BEGIN EXTRACTED MATERIAL

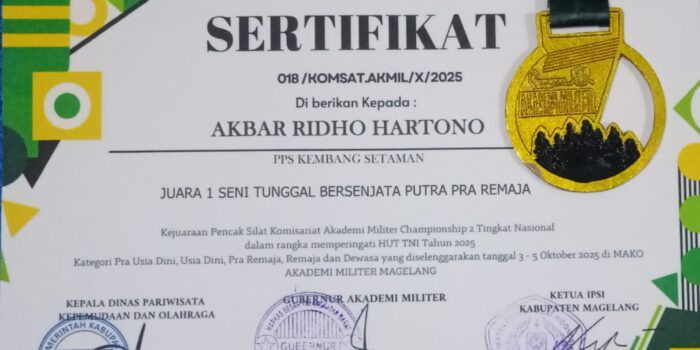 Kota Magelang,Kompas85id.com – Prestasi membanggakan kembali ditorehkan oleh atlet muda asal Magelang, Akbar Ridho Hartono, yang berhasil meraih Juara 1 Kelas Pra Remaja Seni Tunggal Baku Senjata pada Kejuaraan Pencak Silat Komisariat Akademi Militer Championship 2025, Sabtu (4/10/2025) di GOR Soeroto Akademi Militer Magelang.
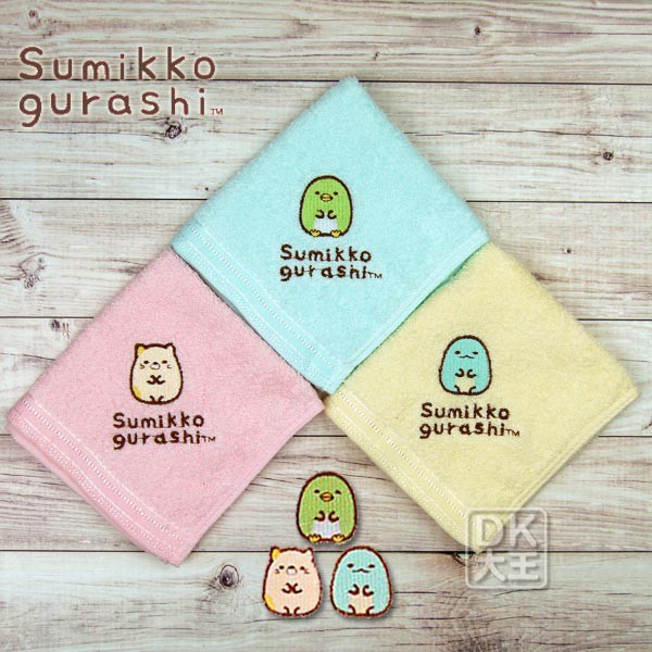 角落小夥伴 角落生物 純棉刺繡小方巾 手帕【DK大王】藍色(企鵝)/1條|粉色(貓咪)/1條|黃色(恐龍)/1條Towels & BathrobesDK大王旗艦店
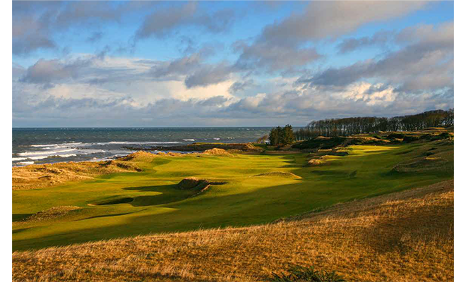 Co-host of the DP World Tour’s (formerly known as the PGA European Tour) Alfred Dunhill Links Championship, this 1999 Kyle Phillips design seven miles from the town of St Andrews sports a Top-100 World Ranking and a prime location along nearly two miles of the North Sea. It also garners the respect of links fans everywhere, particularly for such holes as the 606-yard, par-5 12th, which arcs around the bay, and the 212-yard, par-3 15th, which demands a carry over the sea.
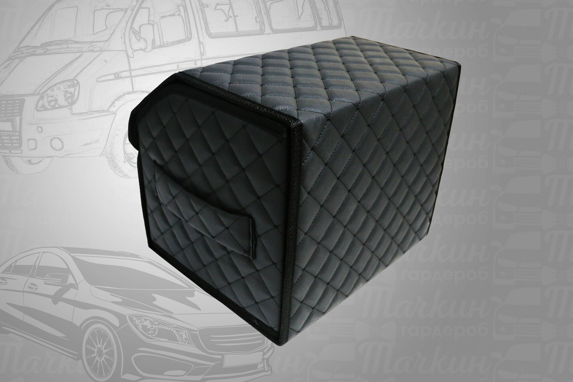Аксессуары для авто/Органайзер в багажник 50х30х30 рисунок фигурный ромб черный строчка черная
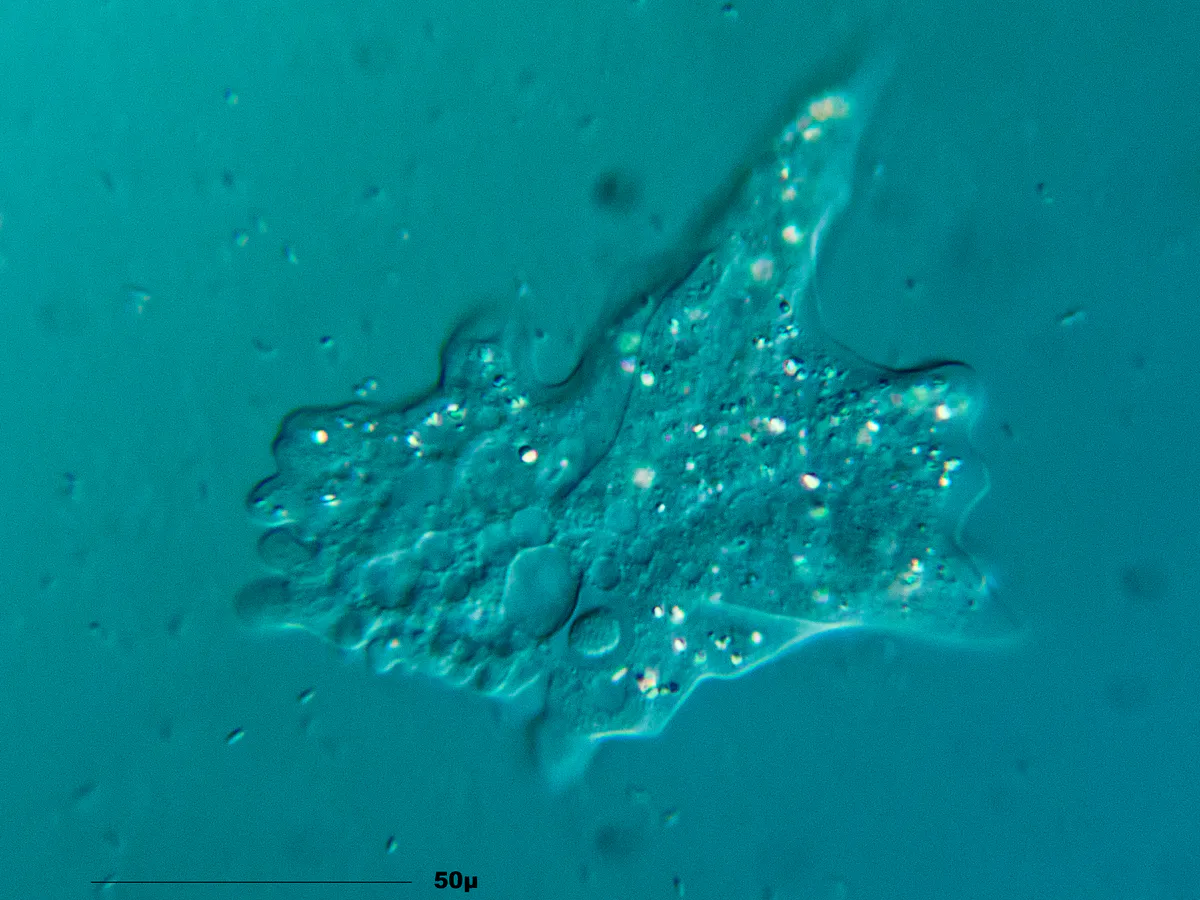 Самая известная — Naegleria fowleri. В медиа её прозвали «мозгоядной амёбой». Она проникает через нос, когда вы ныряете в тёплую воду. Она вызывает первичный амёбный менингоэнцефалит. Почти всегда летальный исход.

END EXTRACTED MATERIAL
BEGIN EXTRACTED MATERIAL

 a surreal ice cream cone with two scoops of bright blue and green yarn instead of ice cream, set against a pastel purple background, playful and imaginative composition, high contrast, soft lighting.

END EXTRACTED MATERIAL

Return exactly the lines of the material above, starting at the line containing "Kota Magelang,Kompas85id.com –" and finishing at the line containing "Самая известная —", without any pictures.

 Kota Magelang,Kompas85id.com – Prestasi membanggakan kembali ditorehkan oleh atlet muda asal Magelang, Akbar Ridho Hartono, yang berhasil meraih Juara 1 Kelas Pra Remaja Seni Tunggal Baku Senjata pada Kejuaraan Pencak Silat Komisariat Akademi Militer Championship 2025, Sabtu (4/10/2025) di GOR Soeroto Akademi Militer Magelang.
 角落小夥伴 角落生物 純棉刺繡小方巾 手帕【DK大王】藍色(企鵝)/1條|粉色(貓咪)/1條|黃色(恐龍)/1條Towels & BathrobesDK大王旗艦店
 Co-host of the DP World Tour’s (formerly known as the PGA European Tour) Alfred Dunhill Links Championship, this 1999 Kyle Phillips design seven miles from the town of St Andrews sports a Top-100 World Ranking and a prime location along nearly two miles of the North Sea. It also garners the respect of links fans everywhere, particularly for such holes as the 606-yard, par-5 12th, which arcs around the bay, and the 212-yard, par-3 15th, which demands a carry over the sea.
Аксессуары для авто/Органайзер в багажник 50х30х30 рисунок фигурный ромб черный строчка черная
 Самая известная — Naegleria fowleri. В медиа её прозвали «мозгоядной амёбой». Она проникает через нос, когда вы ныряете в тёплую воду. Она вызывает первичный амёбный менингоэнцефалит. Почти всегда летальный исход.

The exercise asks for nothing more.